The freeway was dead at this late hour. The car moved effortlessly up to eighty miles-an-hour and was as quiet as death. Following a somehow comfortable stretch of silence, Trent said, “I’ve been thinking with the wrong Trent.” She silently wondered what that meant, but refused to bring to air her confusion, wouldn’t further expose her naiveté if her life depended on it. “You’ve been avoiding telling me that you’re underaged.”
She nodded. “Yes.”
“And the question that you didn’t want me to ask is how old are you. I won’t ask. I’ll never do something that you disapprove of; this I vow to you. Do you feel like you’re old enough to make the right decisions? Old enough to know better? Do you feel like an adult in a minor’s body?”
“Yes, yes and yes.”
“Then I don’t care about anything else. You could be thirteen for all I care, as long as you are confident in your decisions.”
“I’m older than thirteen.”
He smiled at the black open road. “Like I said, doesn’t matter to me. To me you’re an adult and that’s how I’ll treat you.”
“Thank you. I want to feel like one. I do feel like one, for the first time since…” She almost said ten but knew there would be questions following that she wouldn’t enjoy answering. “For the first time in my life.
”
“For the first time?” He looked over at her, reading into her ambiguous words. Her innocence was the brightest thing in the dark Audi cabin. “It will be your first time?”
“Yes.”
“We don’t have to do this.”
“I know. I want to have the most memorable night of my life. Do you listen to country music at all?”
“That’s a little random. Uh, yeah. A little.”
“There’s a song called Live Life Like You Were Dyin’.”
“Tim McGraw. I like that song,” he said.
“Tonight I want to live life like I was dying. Can you accommodate me?”
He suppressed a smile. “You bet. I hope you aren’t really dying.” Her sober face gave him a horrible idea. “You aren’t dying. Are you?”
“Not literally.”
He sat in silent perplexity for a moment. “Okay, I can’t let that slide. What’s that supposed to mean, not literally?”
“I’m concerned. About what lies ahead.”
“Aren’t we all?”
“I mean, I’m concerned about how I’m going to be once medication takes hold of me. I won’t be the same.”
“The crazy pills? They’ll change who you are?”

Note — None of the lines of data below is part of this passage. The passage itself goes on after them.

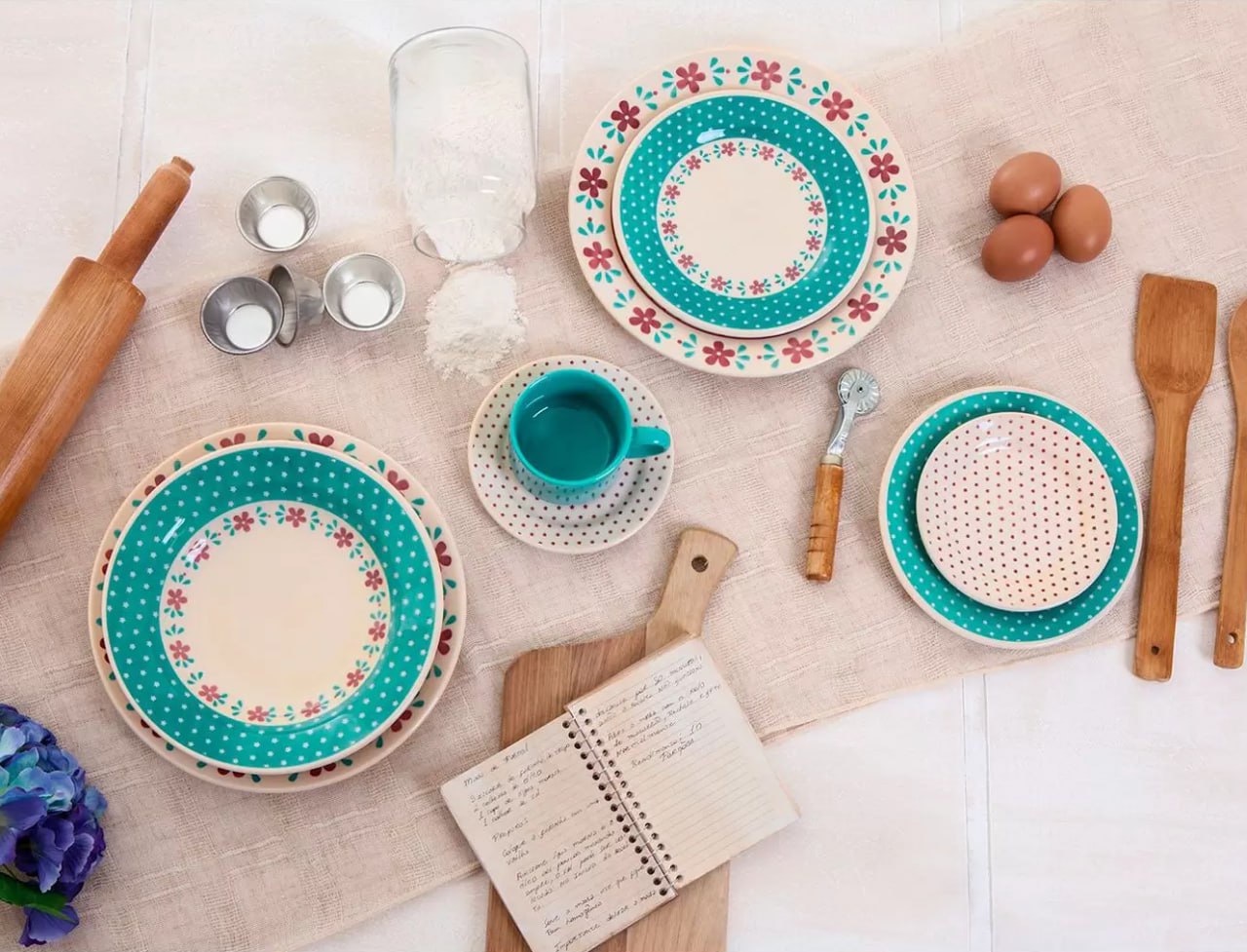 Aparelho de jantar e chá em cerâmica, são 20 peças 💙
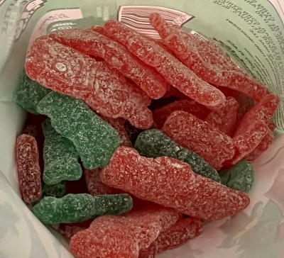 [This review was collected as part of a promotion.] I actually can't eat these bc I'm allergic to red dye, but kids aren't!! They loved them! They love any holiday themed sour patch kids. They said they were perfect and they wanted more.
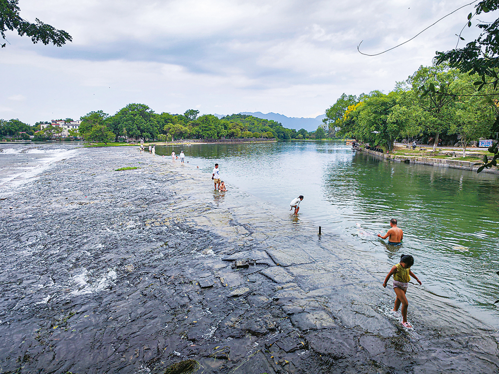 人们在灵渠周围戏水玩耍。本组图片均由新华社记者 韩松 摄

“That’s what I hear, from a good source, a reliable source. I’ll become a zombie. The lights will be on but nobody will be home.”
“And you have no say in this? You have to take them?” She nodded gravely. “So you want to experience some things before they turn off your lights?” Another grave nod. “May I be blunt? Harsh even?” She granted permission by way of a raised brow. “That’s fucked up. Who the hell are your parents to turn off your lights?”
“They’re… they’re my parents.”
“Bad parents. What if I had a talk with them?”
“What would you say?”
“I’d say that they got some screws loose themselves if they think some crazy pills are what’s best for you.”
She smiled. “Yes! I agree!” After imagining it she said, “You have no idea how bad they’d flip out if they saw you with me. Their little princess with an eighteen-year-old boyfriend?—four years older than their little angel?—they’d so flip out, you don’t even know, Trent. Especially if they knew what I was about to do to you.”